TASK PROMPT:
Could you restate word for word only the lines below from the one holding "PN4.0MPa~6.4 MPa规格主要尺寸" to the one holding "Womens High Waist", inclusive, and leave out the pictures?

==== DATA IN THIS EXERCISE

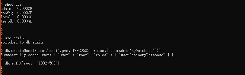 db.createUser({user:'root',pwd:'19920503',roles:['userAdminAnyDatabase']})
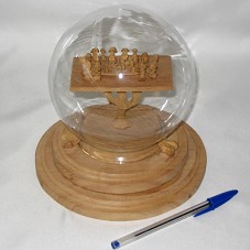 ESCULTURA EM MADEIRA (18 CM, MEDIDA DA PEÇA COMPLETA), REPRESENTANDO CANGACEIROS SENTADOS NO CHÃO, EM VOLTA DE UMA TOALHA ONDE HÁ COMIDAS E BEBIDAS. O CHÃO/BASE ESTÁ NO TOPO DE UM PÉ DE MANDACARU. FIXADA EM BASE DE MADEIRA CIRCULAR ESCALONADA (18,5X5 CM) E PROTEGIDA POR REDOMA DE VIDRO, EM FORMA DE GLOBO. NO FUNDO DA BASE, ETIQUETA CONTENDO TÍTULO E AUTOR DA OBRA, ALÉM DO NOME GRAVADO NA BASE. ACOMPANHA CARTÃO DO REMETENTE, OFERECENDO O PRESENTE À PRIMEIRA DAMA. ACONDICIONADO EM CAIXA DE PAPELÃO (20,5X20,5X20 CM).
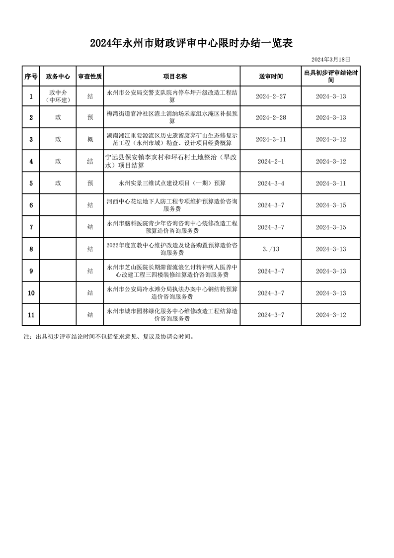 2024年永州市财政评审中心限时办结一览表(2024年3月18日)
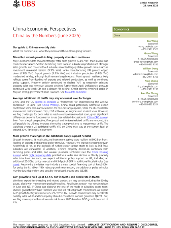 【UBS Securities Asia Limited】【20250622】China Economic Perspectives-25页 宏观策略
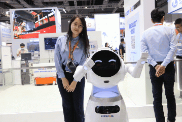 “大家好,我是本次展会的智能小助手机器人小科。别以为我只会唱歌、跳舞、讲笑话噢,帮助进行公司介绍、业务介绍、项目视频播放、实时疑问解答,我也是很擅长呢!不信的话,我在6.1H F015展位等你到19日,来跟本宝宝比试比试吧!
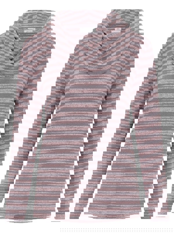 Made in a beautifully brushed soft fabric, it will keep you stylish and warm! Our cowl neck top in striped dusk and flint colour features full length sleeves, side slits and metal tab at the hem.
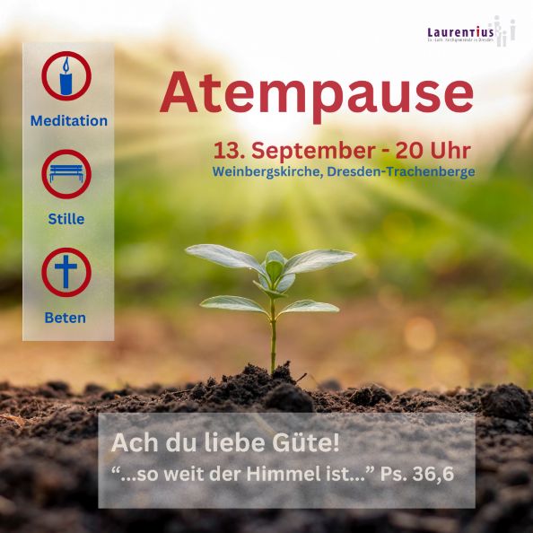 Das Team der Atempause freut sich, Interessierte und Menschen, die sich nach einer anstrengenden Woche nach einem Moment der Ruhe, nach Vertiefung und Gemeinschaft sehnen, zur nächsten Atempause, am Freitag, den 13.09.24, um 20 Uhr in die Weinbergskirche einzuladen.
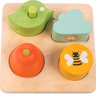 Spännande pussel för de minsta med klossar som låter! Pusslet är i form av en träbricka med fyra fint målade klossar i motiv av en fågel, ett moln, en frukt och ett bi. Roligt att upptäcka de olika ljud som klossarna ger ifrån sig och att passa ihop dom med rätt plats på brickan. Koordinera, lyssna och lär - en upplevelse att njuta av för små barnasinnen! Etiskt tillverkad i återvunnet gummiträ och målad med vattenbaserade färger.
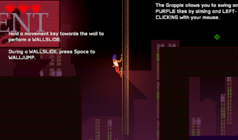 Hold Directional Key against a wall to Wall-Slide and press SPACE to Wall-Jump.
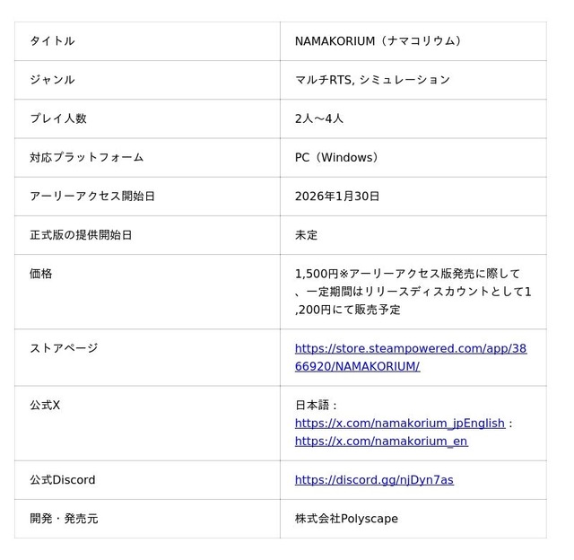 「未来を、前倒す。」をミッションとする株式会社Polyscape(本社:東京都港区、代表取締役:島田寛基、以下「当社」)は、海の掃除屋「ナマコ」が主役のカジュアルマルチプレイRTS「NAMAKORIUM(ナマコリウム)」のアーリーアクセス版提供をSteamで開始すると共に、定価1500円から2週間限定のリリースディスカウントとして、1200円で販売することをお知らせいたします。さらに、当社の第一作目であるリアルタイム・3Dローグライトアクション「MISTROGUE(ミストローグ)」も、NAMAKORIUMアーリーアクセス開始記念として、歴代最高の値下げ幅 75%OFFとなる1週間の割引セールを、2月3日から2月10日の7日間で実施いたします。
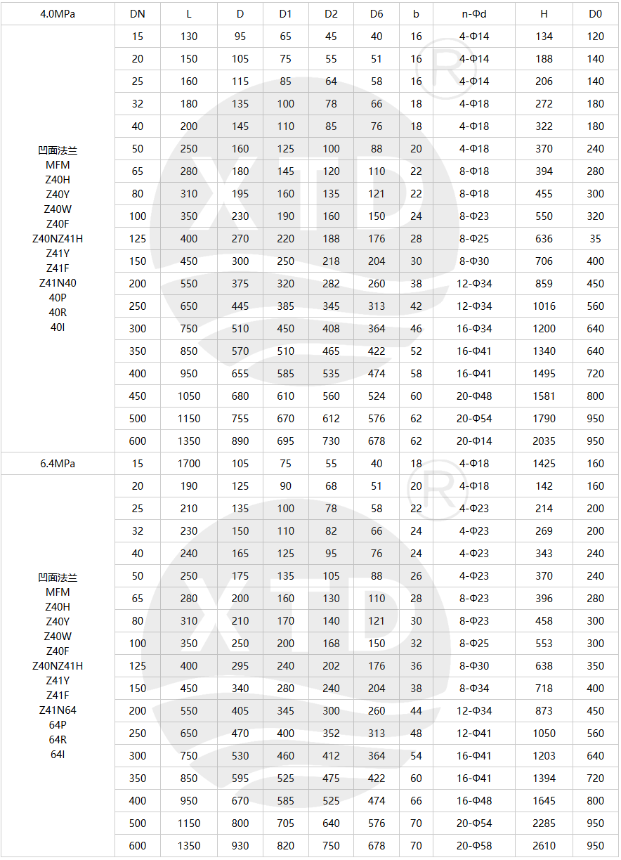 PN4.0MPa~6.4 MPa规格主要尺寸
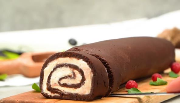 Keks izblendirajte, pa dodajte kakao i mleko. Zatim sjedinite sastojke i oblikujte loptu, pa umotajte u providnu foliju. Stavite u frižider na 15 minuta. Izvadite testo i folije, pa na radnoj površini razvucite drugu foliju, stavite testo i preko opet foliju. Zatim razvucite u obliku pravougaonika i skinte gornju foliju. Pomešajte krem sir, šećer u prahu i vanilu i premažite preko kore. Urolajte i dobro zatvorite, pa stavite u frižider na sat vremena.
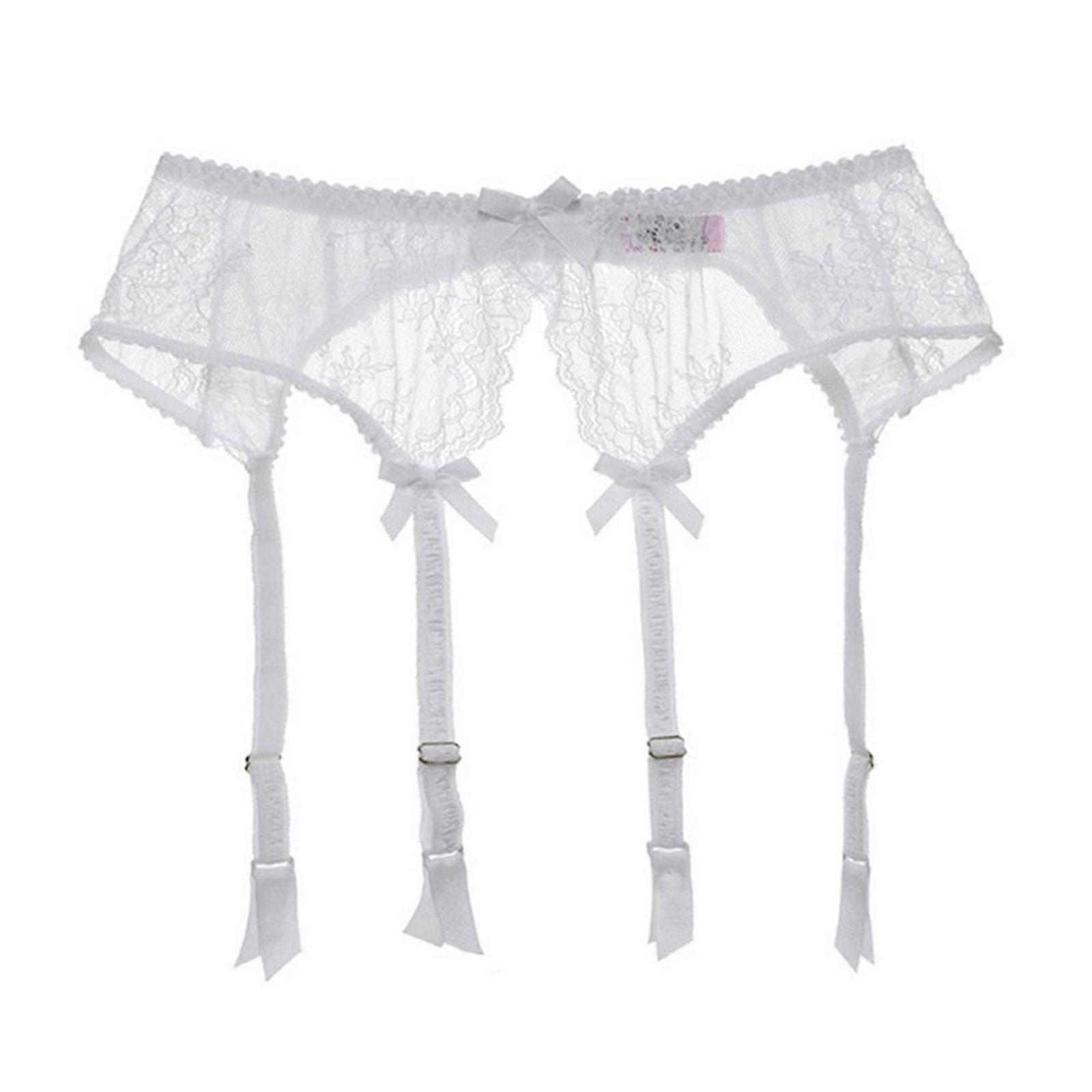 Womens High Waist Bowknot Garter Belt Sexy See Through Flower Lace Suspender Belt with 4 Clip for Thigh High Stockings S White
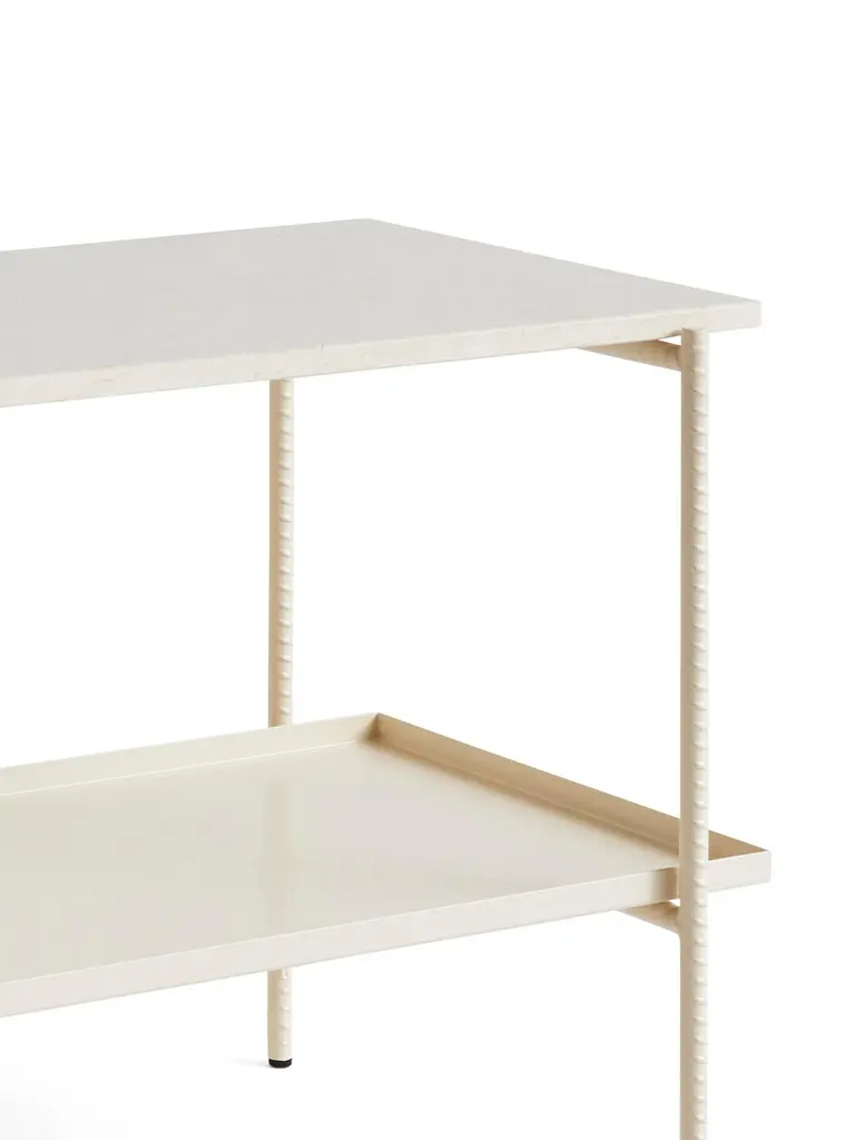 Sylvain Willenz’s Rebar tray table having a design that juxtaposes the reinforced steel bar frame with black marble tops and metal trays to create a balanced aesthetic. The table is suitable for using in private, corporate or public spaces.Dimensions : Length (L): 75 cm / 29.53 inches Width (W): 44 cm / 17.32 inches Height (H): 55 cm / 21.65 inchesWeight : 29,7 kgTabletop : Beige Crema Diva MarbleFrame : Alabaster Powder Coated SteelTray: Alabaster Powder Coated SteelDesignerSylvain Willenz is a well-travelled designer from Belgium who established his own studio in Brussels in 2004. He is a graduate of the MA Design Products course at the Royal College of Art in London (2003). His design office has won several iF Awards and the Red Dot “Best of the Best” Award in Product Design, he was named Belgian Designer of the Year in 2009 and he regularly works in education for institutions such as ECAL and ENSAV La Cambre. Willenz is a particularly inquisitive designer, immersed in the language of products and industrial process. His work spans various typologies and is often inspired by graphics, drawings and other 2D sources - his desire is to create elegant and clean designs that are both unfamiliar and familiar. For HAY, Willenz has designed Rebar Collection and Pyro Coffee Table.
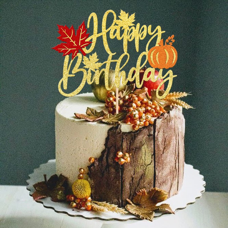 1 decoración para tarta de cumpleaños con diseño de calabaza, hojas de arce con purpurina, decoración para tarta de Acción de Gracias para día de Acción de Gracias, suministros de decoración para fiestas de cumpleaños
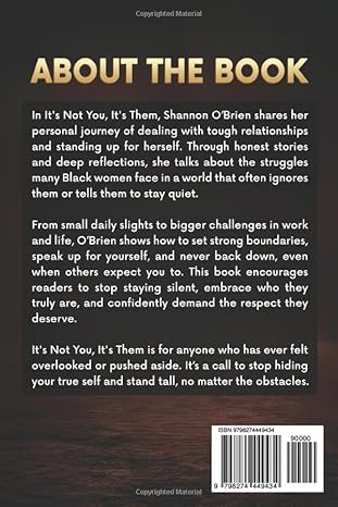 RAW and COMPELLING! Reading It’s Not You, It’s Them is a deep dive into the author’s life and how her experiences have shaped the person she has become. Her honest account of the people and circumstances of her life will have you screaming support and vehemently encouraging her perseverance. Written in the first person, her words provide a gritty and unapologetically subjective voice to being mistreated, subjugated and underestimated. Her maturation forces her to navigate the world with pure tenacity and, in the end, you realize it truly is “them”.

========

ANSWER SECTION:
 PN4.0MPa~6.4 MPa规格主要尺寸
 Keks izblendirajte, pa dodajte kakao i mleko. Zatim sjedinite sastojke i oblikujte loptu, pa umotajte u providnu foliju. Stavite u frižider na 15 minuta. Izvadite testo i folije, pa na radnoj površini razvucite drugu foliju, stavite testo i preko opet foliju. Zatim razvucite u obliku pravougaonika i skinte gornju foliju. Pomešajte krem sir, šećer u prahu i vanilu i premažite preko kore. Urolajte i dobro zatvorite, pa stavite u frižider na sat vremena.
 Womens High Waist Bowknot Garter Belt Sexy See Through Flower Lace Suspender Belt with 4 Clip for Thigh High Stockings S White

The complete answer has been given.